The five-year-old zoologist is now officially the six-year-old zoologist. True to form this morning’s drive to school revolved around what animals eat snakes, and thanks to google at a red light I had an answer (hawks and eagles). In honor of the zoologist’s discovery of planet earth I have composed a small list of six things that I have learned in six years of fatherhood.

Note: I have learned more than six things, these just happened to be the six I included in this list.

  1. If there was any justice in the world on someone’s birthday we would celebrate the mother, not the child.

  2. Nothing throws a peaceful night into chaos like a kid pooping in the bathtub.

  3. Before fatherhood I thought I was prepared for the questions.
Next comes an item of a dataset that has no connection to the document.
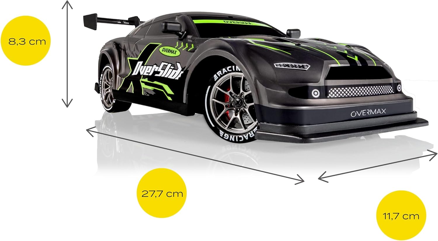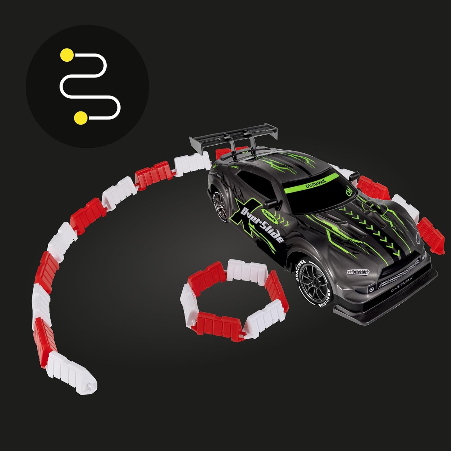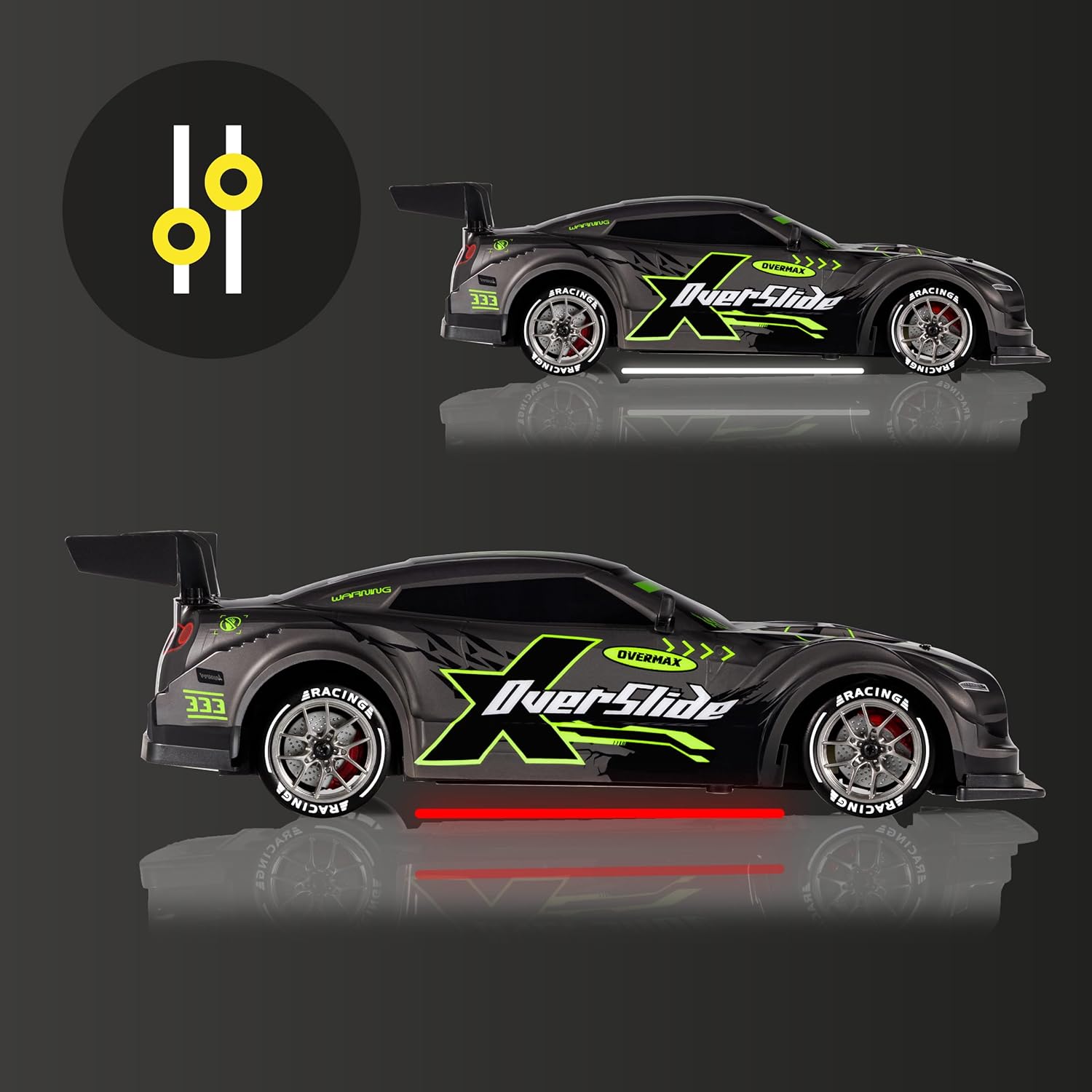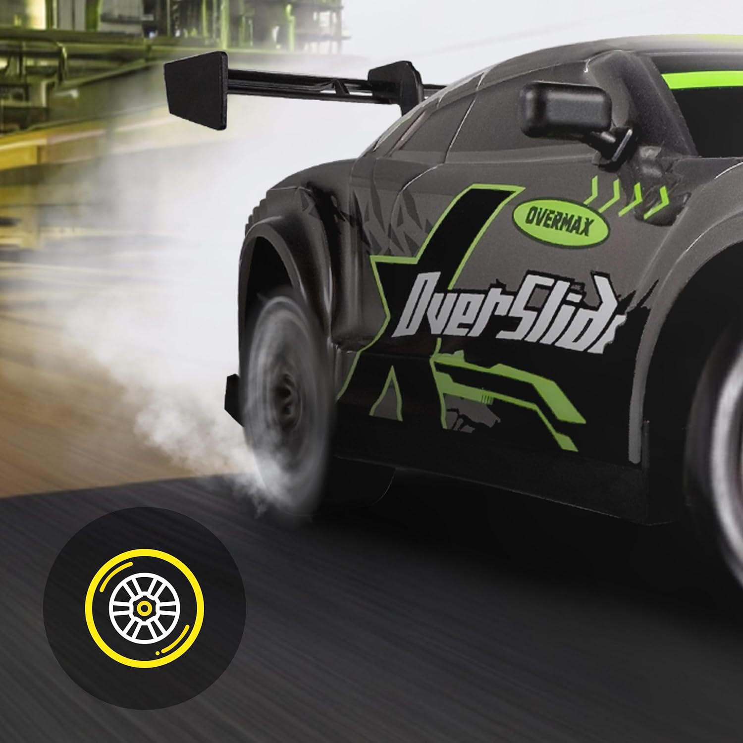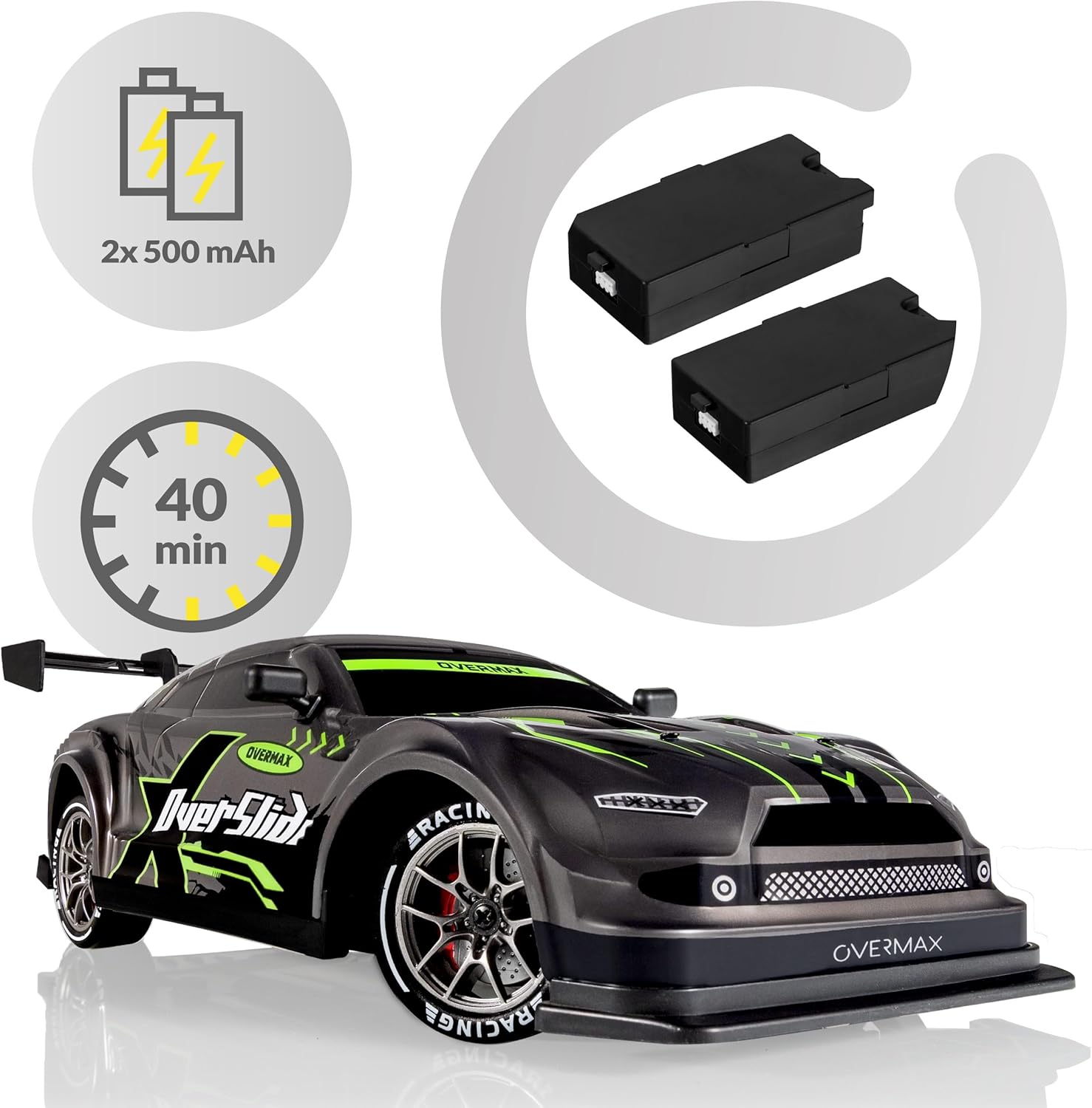 DIVERTIMENTO PIENO DI EMOZIONI: realizzata in scala 1:16, l'auto da corsa X-Overslide per drift sarà una fonte di divertimento sia per i bambini che per gli adulti. Il modello è dotato di 2 set completi di ruote: le ruote in plastica liscia consentono slitte spettacolari, mentre le ruote in gomma con battistrada garantiscono una migliore aderenza sui tratti dritti. VELOCITÀ E PRESTAZIONI: l'auto telecomandata per bambini RC accelera fino a 20 km/h con una portata del controller di 80 m. 2 modalità di guida consentono di adattare le prestazioni alle capacità dell'utente. Il set include due batterie con capacità di 500 mAh. Il tempo di funzionamento dopo la ricarica completa di una pila consente la guida ad alte prestazioni dopo 20 min (in totale 40 min). TRAZIONE 4x4: una partenza rapida dell'auto da drift RC è possibile grazie all'affidabile trazione integrale, che garantisce una migliore aderenza su diverse superfici. L'auto radiocomandata è dotata di un comodo controller intuitivo. Il canale di comunicazione criptato consente a più veicoli di giocare contemporaneamente senza interferenze di segnale. EFFETTI LUMINOSI LED: l'illuminazione del sottoscocca non solo migliora l'aspetto dinamico del veicolo RC, ma indica anche la modalità di velocità attivata. Inoltre, l'auto è dotata luci anteriori e posteriori a LED che aggiungono ancora più fascino e divertimento all'esperienza di gara. KIT DI OSTACOLI + SCOCCA AGGIUNTIVA: sono inclusi anche gli ostacoli, in modo da poter creare le proprie sfide ed esercitarsi nelle manovre. La scocca aggiuntiva consente di modificare l'aspetto del veicolo in base alle proprie preferenze.

I was not prepared. You. Are. Never. Prepared.

  4. Meltdowns can be caused by turning on the wrong TV show, forgetting a watch, pouring the wrong drink, pouring the right drink, getting the wrong snack, getting the right snack, refusing a request for a band-aid, suggesting that an entire roll of toilet paper is not necessary to clean up from dropping a deuce, mentioning naptime or bedtime, saying no, saying yes, not saying anything, and an almost infinite list of other things. There is a particular set of skills necessary to handle meltdowns. I do not possess this skill.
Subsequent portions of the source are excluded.